Звенело горлышко бутылки о стекло стакана, жук гудел («вай-вай, что за погода! Бэшэный ишак – погода!»). Бахвалился, превозносил свою, им самим, оказывается, составленную микстуру. Уверял Прекрасную Елену, что —

– Дэнь-два – и марыупольская публыка снова увидит нашего замэчатэльного и нэпревзойденного…

– Черта с два, – покряхтел Дуров. – Кхе-кхе!

Лекарь – жуковатую голову набочок – этак вежливенько:

– Как-с?

– А вот так-с, – сонно отозвался Дуров. – Кворакс. Бре-кекекс.

– Тсс-с… – многозначительно воздел палец составитель микстур. – Он сыпит, мадам… Нэ будем его бэспокоить.

Прикончив остатки рома, удалился на цыпочках, стараясь грузной походкой своей не потревожить якобы уснувшего больного. Но, уже берясь за ручку двери, обернулся к Елене и гулким шепотом повторил:

– Нэ-вэ-ро-ят-на!

Но больной, во-первых, и не думал спать; во-вторых, сапоги  г е р р а  доктора не скрипели – рычали, и не то что живого человека разбудить, а и покойника, пожалуй, могли бы поднять из могилы. И наконец главное: чертовски понравилась сама игра – нелепые реплики из-под одеяла, ошалелое «как-с?» и далее – перст, воздетый многозначительно, – тише, мол, тише, господа, тут ни больше ни меньше, как воскресение из мертвых происходит…

Кхе-кхе.

Нечто вроде этакой шутки Рыжего, дурацкая сценка для заполнения времени между двумя большими номерами программы. Хаханьки да хиханьки, почтеннейшая публика, а номера-то, знаете ли, действительно… если можно так выразиться – гвоздевые.

Да, вот именно: заканчивается жизнь и – как кто-то из великолепных русских писателей сказал – начинается  ж и т и е.

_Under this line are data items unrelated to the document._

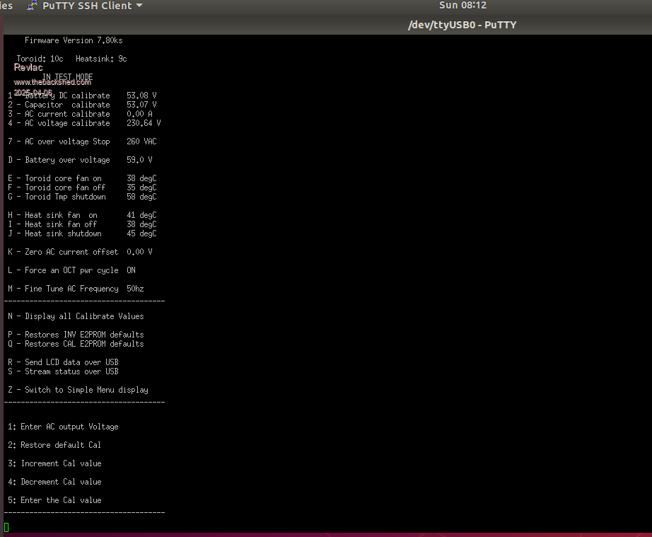 Now I did some of the Calibrations this morning using PUTTY on the Ubuntu PC (the Windows one still not happy) it works a bit like Tera Term, but haven't figured it out completely yet, when selecting menu items it will scroll down the list to where it should, but I couldn't enter the battery calibrations, typing in the new value, it had a flashing courser but no numbers appeared when typed, will probably sort that out later, but no problem I used the increment and decrement a few times and it worked a treat......All Good.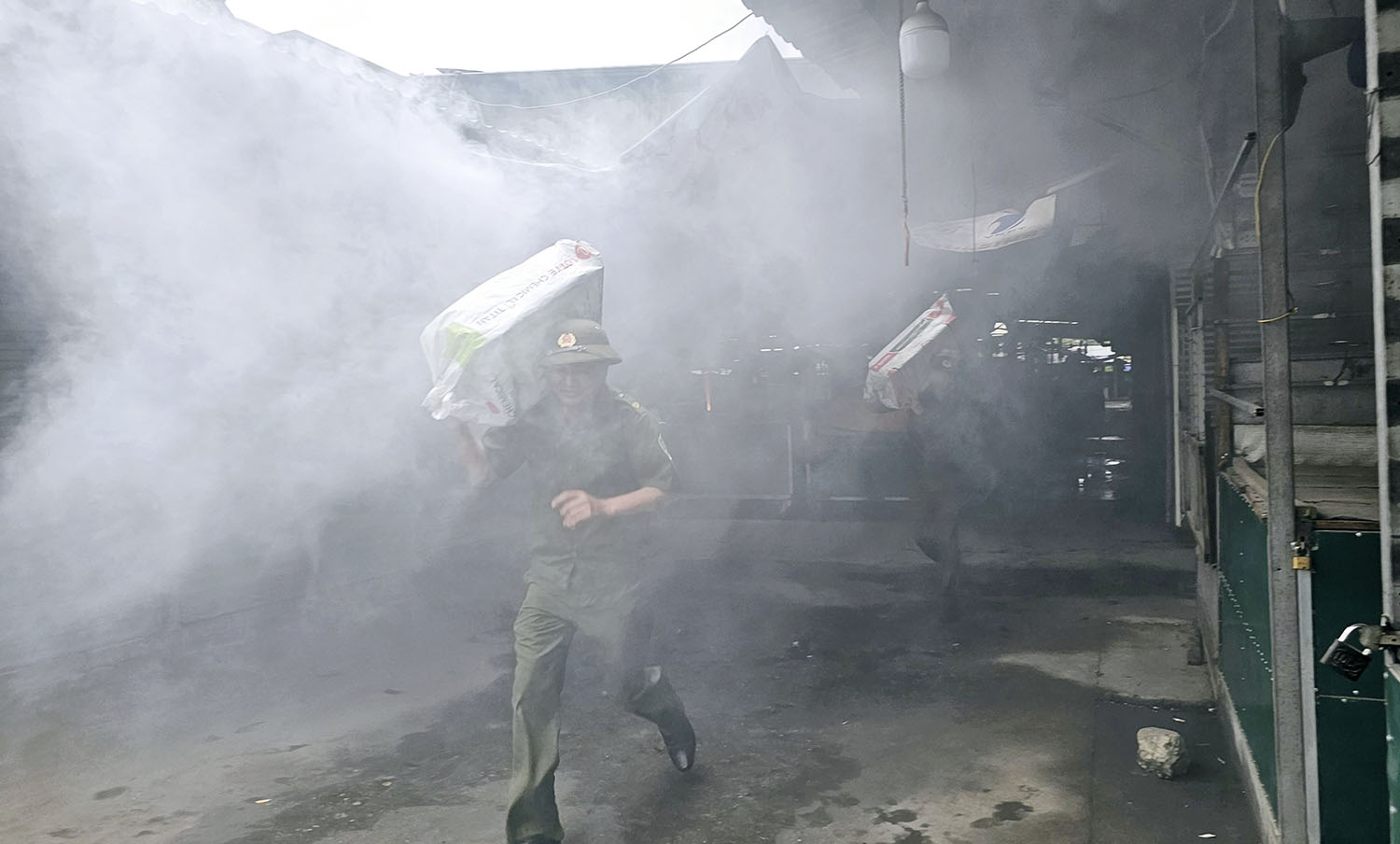 Thực tập phương án chữa cháy và cứu nạn, cứu hộ tại chợ Quang Trung
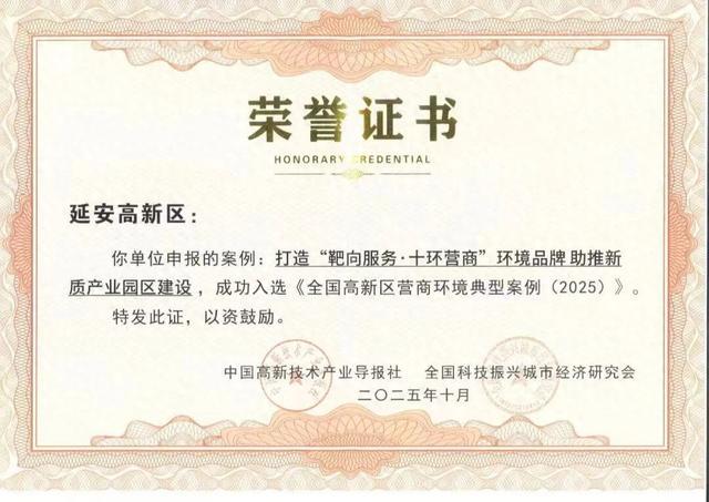近日,由中国高新技术产业导报社、全国科技振兴城市经济研究会组织的《全国高新区营商环境典型案例(2025)》评选结果正式发布,延安高新区《打造“靶向服务·十环营商”环境品牌,助推新质产业园区建设》案例成功入选,进入全国高新区营商环境建设的典范行列。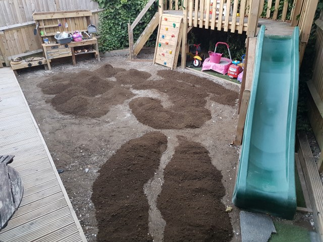 After the main build was completed I moved onto the ground works. Luckily someone locally had a metric tonne of spare top soil from a garden project. Many car trips were used to move it all back to our garden.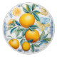 Dieser Keramik-Knopf zeichnet sich durch eine lebhafte Anordnung von goldenen Zitrusfrüchten aus, die teilweise ganz, teilweise in Scheiben geschnitten sind und von üppig grünen und blauen Blätter und zarten Blüten umgeben sind. Inspiriert von Azulejos, den berühmten handbemalten glasierten Fliesen Portugals und Spaniens, verbindet das Design botanischen Realismus mit feinen Zierdetails, darunter subtile Scroll-Schnörkel am Rand. Die Mischung aus hellgelben Früchten, weicher Vegetation und Kobaltnoten schafft ein frisches, aber raffiniertes mediterranes Ambiente. Dieser 1,5"-Knopf aus glatter, glänzender Keramik ist haltbar, einfach mit der mitgelieferten Schraube zu montieren und eignet sich hervorragend, um Schränke, Schubladen oder Möbeln einen sonnigen, handwerklichen Akzent zu verleihen.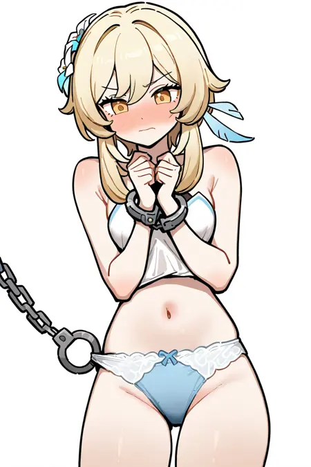这个LoRA并不太好,因为素材太少,而基础模型基本识别不了这个动作。制作这个LoRA完全像盲人摸象:先用几张图生成图像,再训练一个LoRA跑出几张相对合适的,然后加入训练集继续训练……效果并不理想,但至少能基本实现内裤上锁,而不是锁在其他部位(不过仍有可能锁到其他地方)。这种性感的动作真是太棒了!为什么没有单独的标签或合集呢?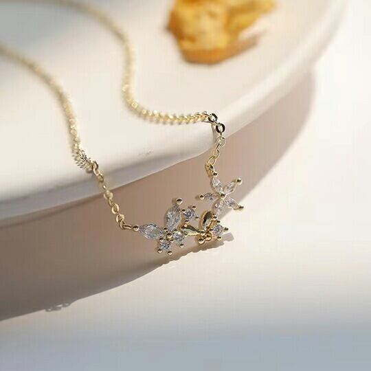 Terse 華やかなフラワーモチーフのショートネックレス 小さな花は可憐な蝶々、華やかさを加えたジルコニア素材にもこだわり、大人な女性に身に着けて欲しい上品で華やかなペンダント 華奢で可愛らしく、優しい雰囲気は大人のフェミニンスタイルにぴったり 春 sn0320a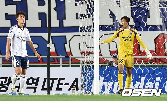 후반 수원 김은선에게 골을 허용한 울산 골키퍼 김승규가 아쉬운 표정을 짓고 있다.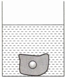 2. 如图所示,冰块中有一小石块,冰和石块的总质量是 $ 116\ \mathrm{g} $,将冰块放入底面积为 $ 100\ \mathrm{cm}^{2} $ 盛有水的圆柱形容器中,冰块完全沉入水中,这时容器中的水面上升了 $ 1.1\ \mathrm{cm} $,当冰全部熔化后,容器里的水面又下降了 $ 0.1\ \mathrm{cm} $,则冰块中所含石块的质量是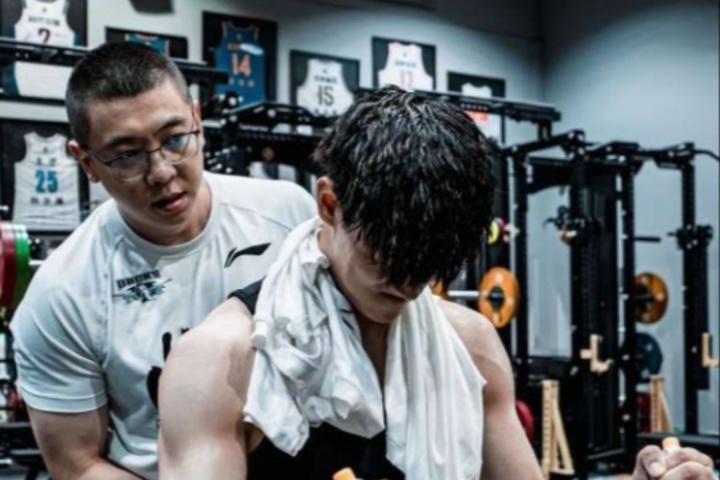 曾凡博繼續(xù)進(jìn)行背部康復(fù)訓(xùn)練,為月底前往布魯克林做準(zhǔn)備。圖中他在北京與TT運(yùn)動(dòng)表現(xiàn)體能館的長期訓(xùn)練師段然在一塊。他預(yù)計(jì)會(huì)為10月10日和12日在中國澳門舉行的NBA中國賽做好準(zhǔn)備。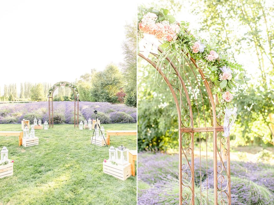 A: We used baby’s breath for the reception centerpieces. We also hung a 6 ft. garland with some carnations and roses across the arch. The bridal bouquet and bridesmaid bouquet was lavender and baby’s breath. Obviously lavender played a huge role in our theme given we got married at a lavender farm. I didn’t want to overdue anything with additional flowers, my goal with the flowers was just to add a bit of a contrast color that wouldn’t distract.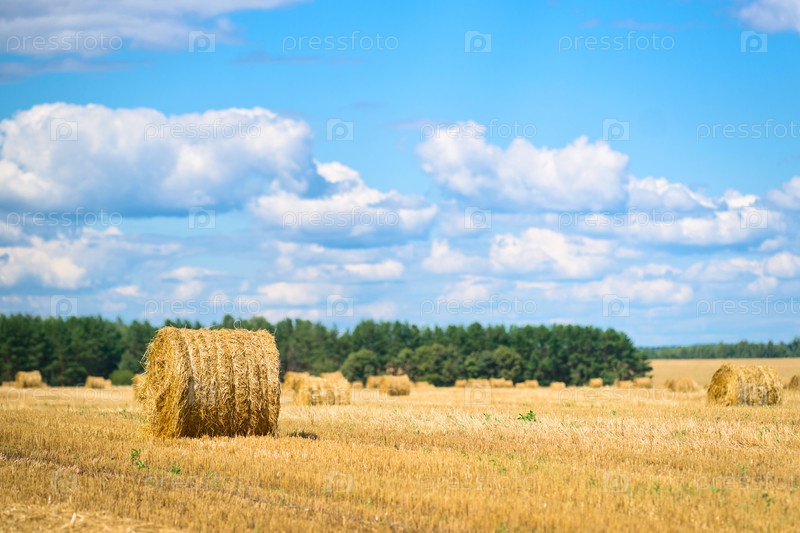 Сельский пейзаж: стога сена в поле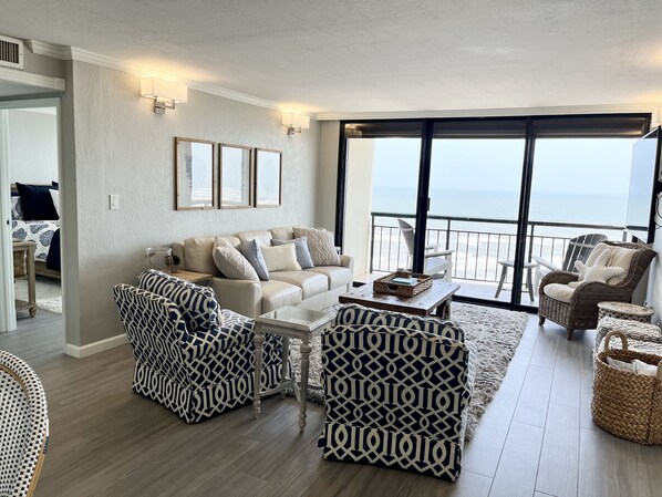 HUGE Corner condo with view of pleasure pier, 3 private balconies and penthouse views!
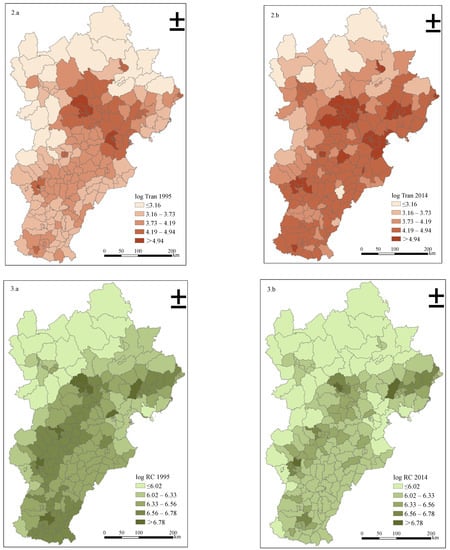 Regarding PM2.5 emission intensity based on residential and commercial, the overall change in the counties in the Beijing-Tianjin-Hebei region during the past two decades has not changed significantly (average value of 6.2076 in 1995 and 6.4677 in 2014) (Figure 2(3.a,3.b)), and the spatial change trend is not obvious. Compared with 1995, the county-level administrative units with high log RC are still concentrated in the central and southern areas of the study area 20 years later.

Жизнь, в которой еще так недавно существовал великий артист, смельчак, всему миру известный острослов. И житие – вечная о нем, то есть, память, где к знаменитому имени обязательно будут добавлять: покойный, в бозе почивший, царство ему небесное и прочее, и все, разумеется, в прошедшем времени и с омерзительно постными физиономиями при сем, и занудливыми голосами, в которых – лживая скорбь, а то так и затаенное злорадство или даже ничем не прикрытое, откровенное торжество.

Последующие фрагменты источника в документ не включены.